What would you think if I told you that in Kosciusko there are probably over 300 students struggling with depression?

Well, according to a 2010 study by the Centers for Disease Control and Prevention, Mississippi had the highest rate of depression in the entire United States. According to their findings, nearly 15% of Mississippi residents experienced depression in the past year.

A lot of times we read these stats and just sugarcoat them, but think about it for a minute. Fifteen percent of Mississippi residents suffer from depression. That would mean that in Attala County alone, nearly 2,800 people experience some form of depression during the year.

Mental Health America, a nonprofit organization that promotes mental health awareness, recently ranked the 50 states and the District of Columbia according to their prevalence of mental health problems. In their results, Mississippi ranked 50th, ahead of only Nevada. This ranking takes into account things like access to mental health providers, the prevalence of citizens with alcohol and substance abuse disorders, the number of citizens with a mental disorder such as depression or anxiety, and other factors.

I didn’t know these stats when I moved to Mississippi in 2009 as part of the Teach for America program.
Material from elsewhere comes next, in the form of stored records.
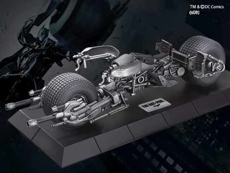 Réplica de Bat-Pod,la moto de Batman El Caballero Oscuro realizada en metal con todo detalle. Descansa sobre una sólida base, con medida aproximada de 27 cm. Basado en las películas de "Batman, el Caballero Oscuro"
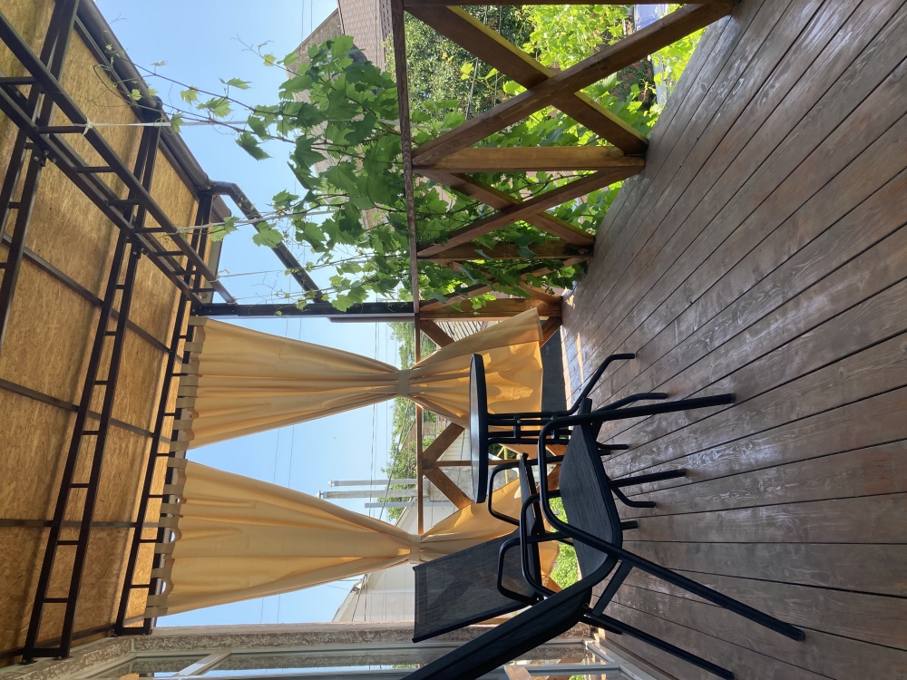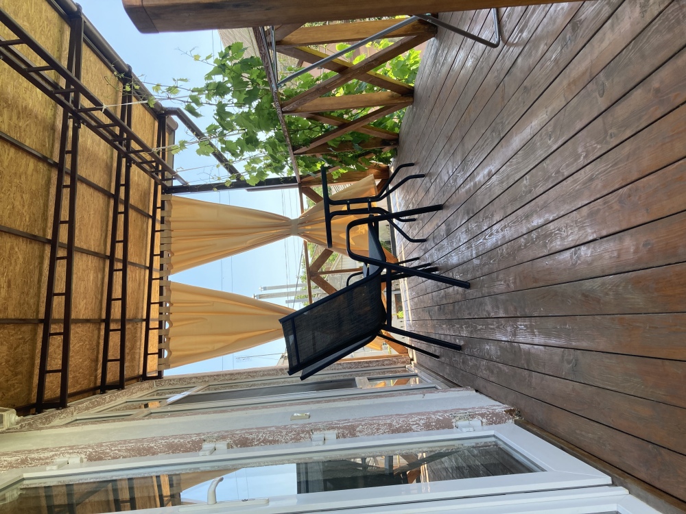 На общей кухне предоставлен необходимый набор посуды и техники (в том числе машина-автомат стиральная). На территории есть красивая терраса, где можно отдыхать, для романтического ужина разрешается пользоваться мангалом, барбекю.
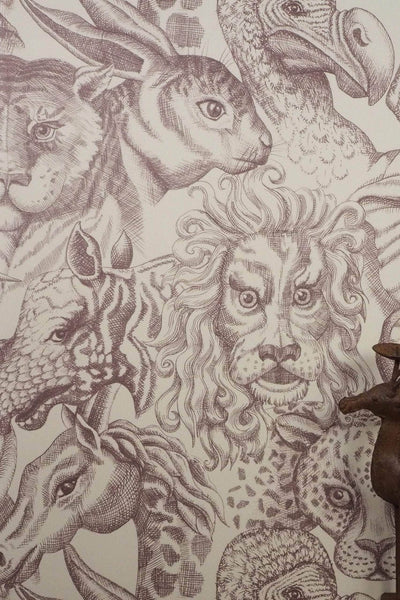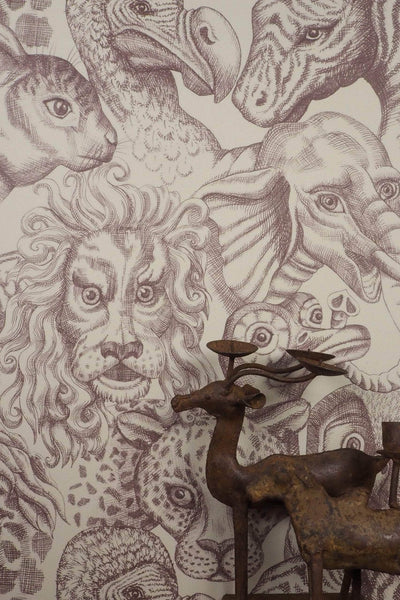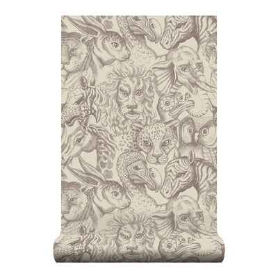 Wildmore's unique Rara design is full of curious creatures. This wallpaper is in the perfectly subtle palette of off white, offset by drawings in a oak brown. Each hand sketched animal has its own wonderful character based on 17th century explorers' etchings. With their oddly anthropomorphised features, these creatures will add playfulness and spark joy on any wall. It is a wonderful design for the nursery you have always dreamed of or a quirky addition to your dining room.
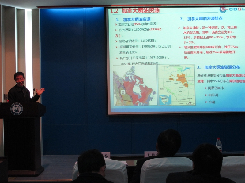 开幕式上,张善文作了题为“胜利西部勘探实践与认识”的报告,王增林作了题为“低渗透致密油藏开采技术”的报告。中海油服生产事业部副部长赵利昌和中石油国际勘探开发公司项目主管明海会则分别作了题为“加拿大稠油资源现状及面临的技术挑战”与“中国与中亚油气合作现状与展望”的报告。
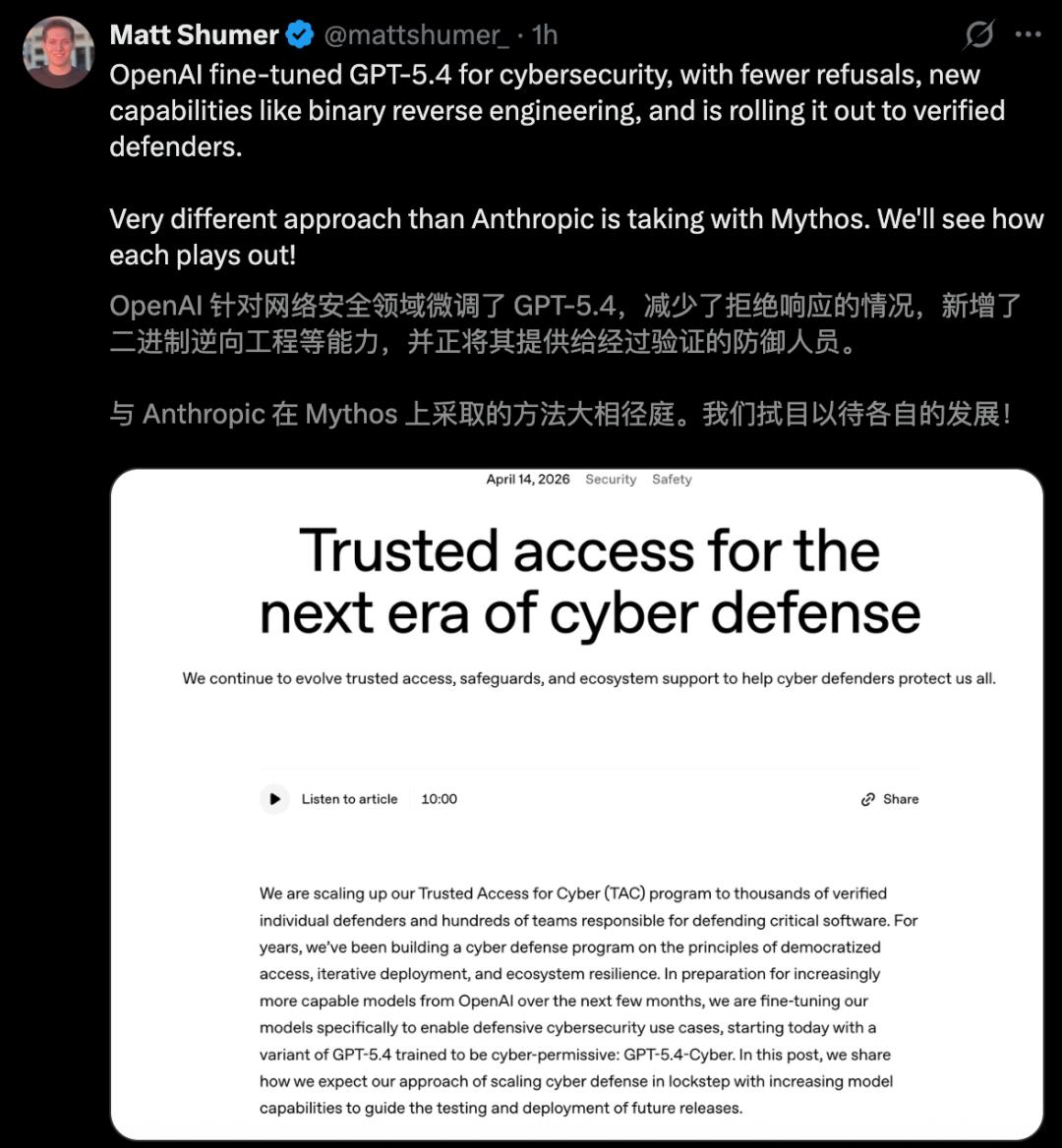First came Claude Mythos, then came GPT-5.4-Cyber.
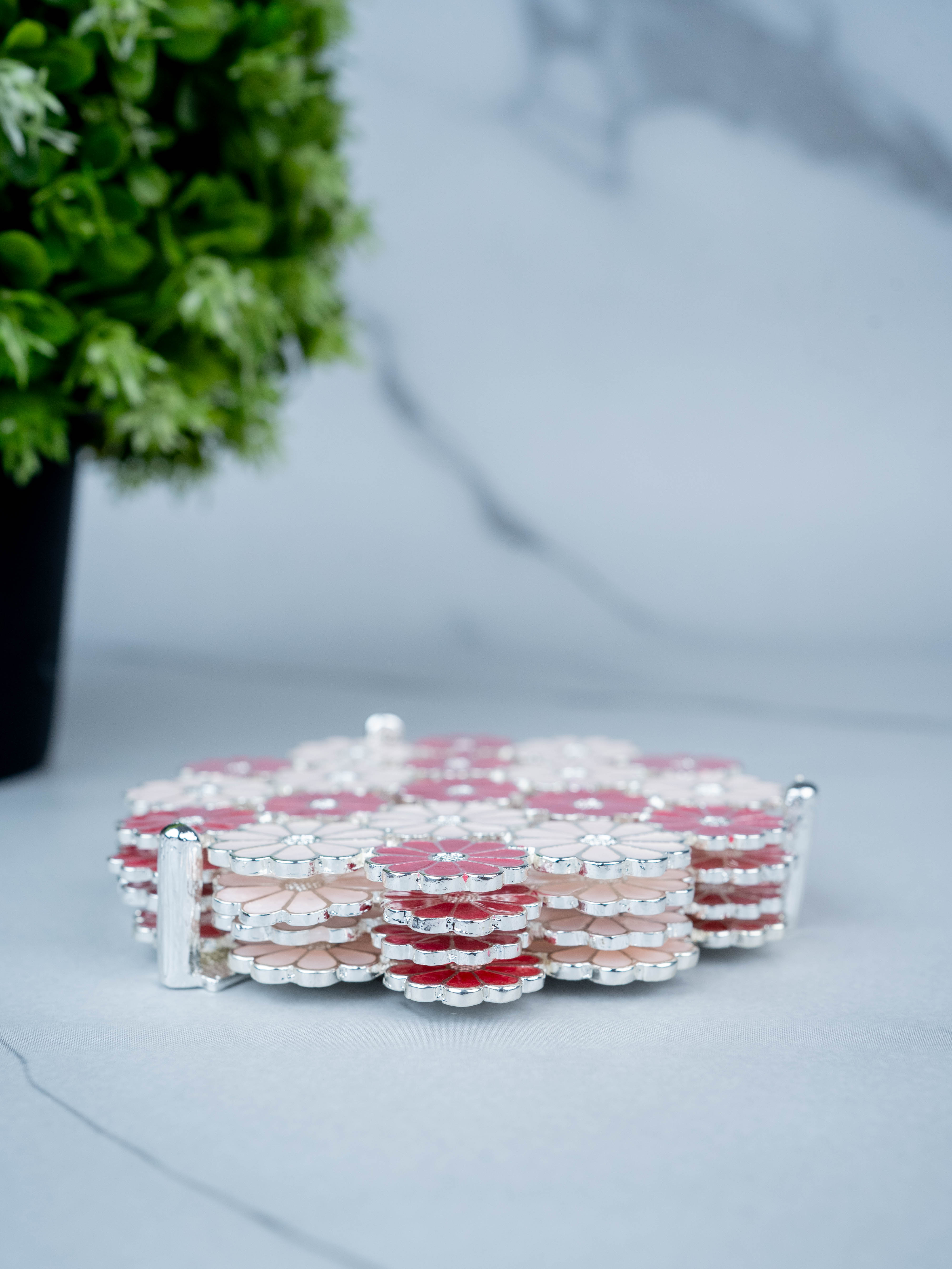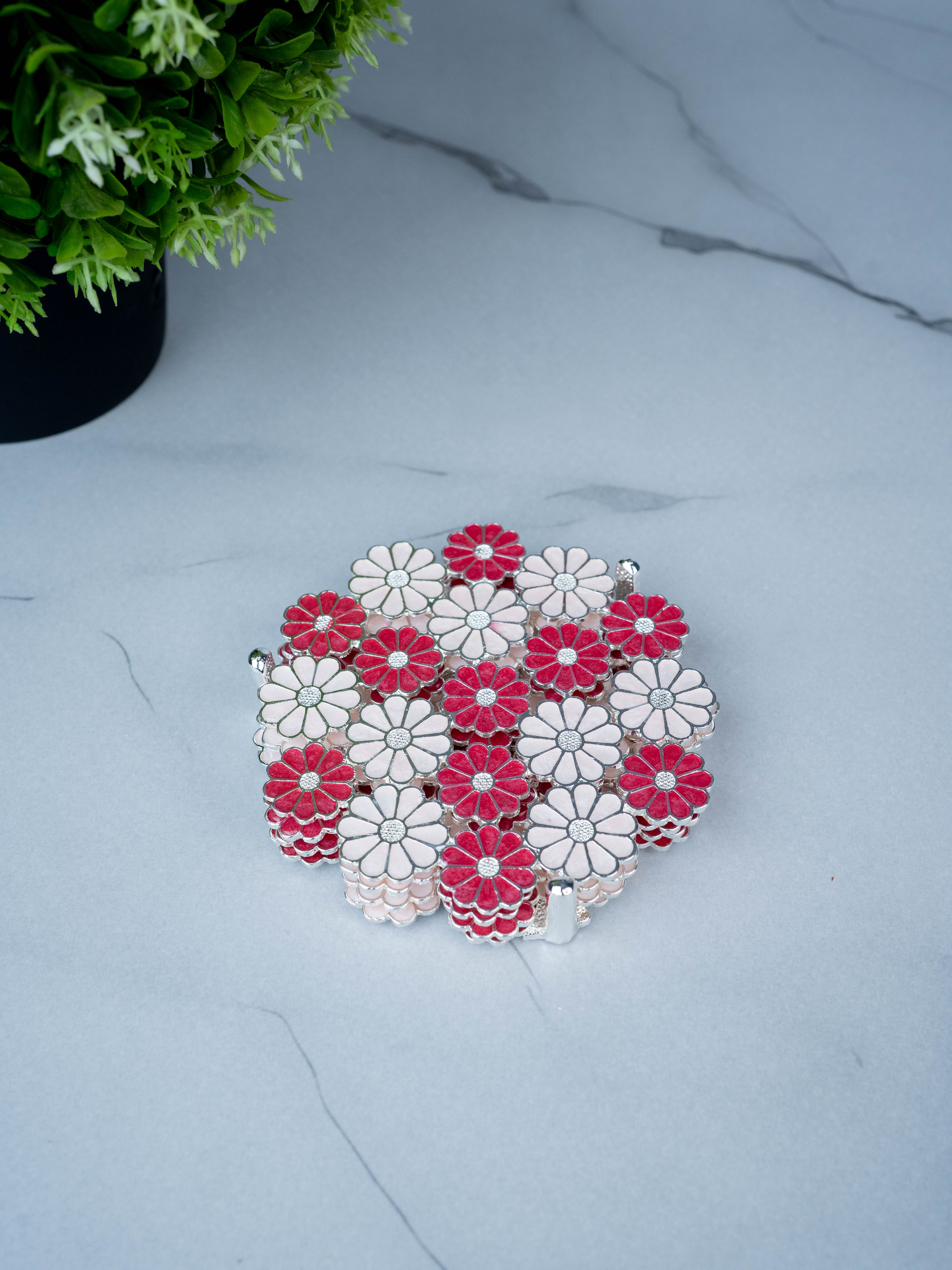 White Metal Decorative Floral Coaster Set - Pink - WL5437-1
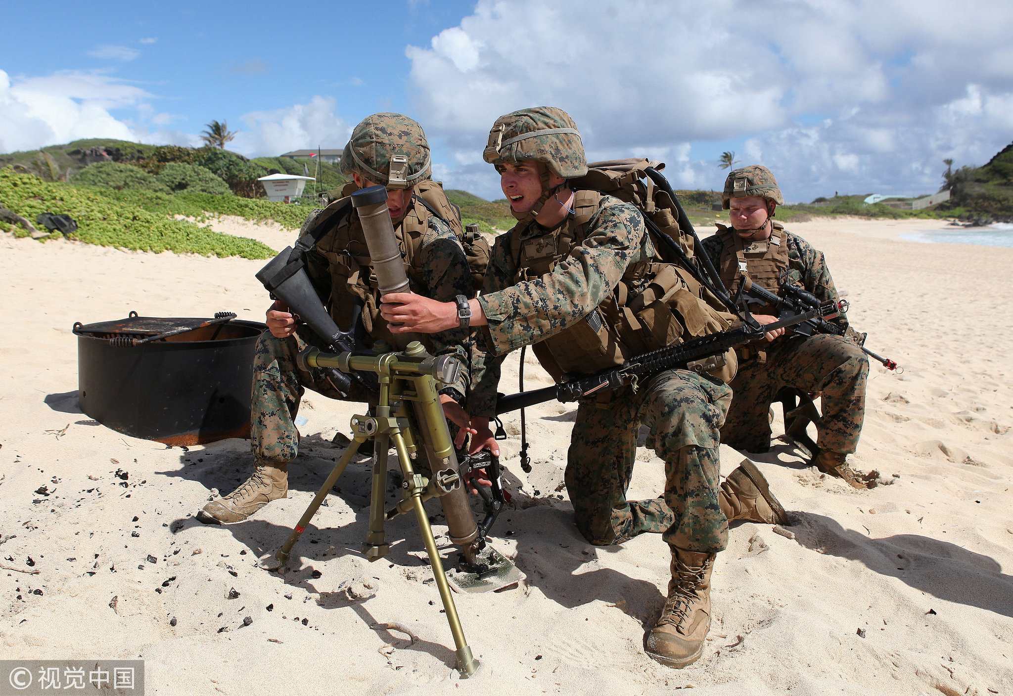 US Marines set up a mortar defense during a simulated beach assault at Marine Corps Base Hawaii with the 3rd Marine Expeditionary Unit during the multi-national military exercise RIMPAC in Kaneohe, Hawaii, July 30, 2016. /VCG Photo.

Having grown up in Michigan all my life, I didn’t know much about Mississippi at all when I started teaching Algebra 1 at Greenwood High School. But after a few years of teaching, I’ve come to love Greenwood and now call it home. In 2013 I started working as a consultant here in Greenwood because I wanted to find a way I could help impact this community. For the past five years, I have met with clients from across the Mississippi Delta as they work through the difficulties of living in a fallen world.

Counseling is a very private matter and because of this there can be misunderstandings about what counseling is like or when people go to a counselor in the first place. I want this column to be a place for people (anonymously, of course!) to ask questions about counseling and mental health topics. The spectrum of why people seek counseling ranges from depression, anxiety, bipolar disorder, and drug addiction to coping skills for stress, loneliness, work-related stress, marital and family therapy, dealing with anger, grief, and more.

And the truth is, many of us deal with these issues on a daily basis. Maybe it feels like you can’t get out of bed or you’re overwhelmed with work. Or maybe you watch your spouse, parent, child, friend, or co-worker struggle with depression or panic attacks on a daily basis. I hope this column is a place where people can realize they are not the only ones dealing with certain issues and get some practical tips on how to approach mental health issues. In our country, mental health is now being quickly recognized as not only an important issue, but also a long-overlooked topic. We hear about it whenever there’s another mass shooting or when we watch the news and hear about horrific crimes. More and more celebrities are speaking openly about their struggles with depression, anxiety, and other mental health issues.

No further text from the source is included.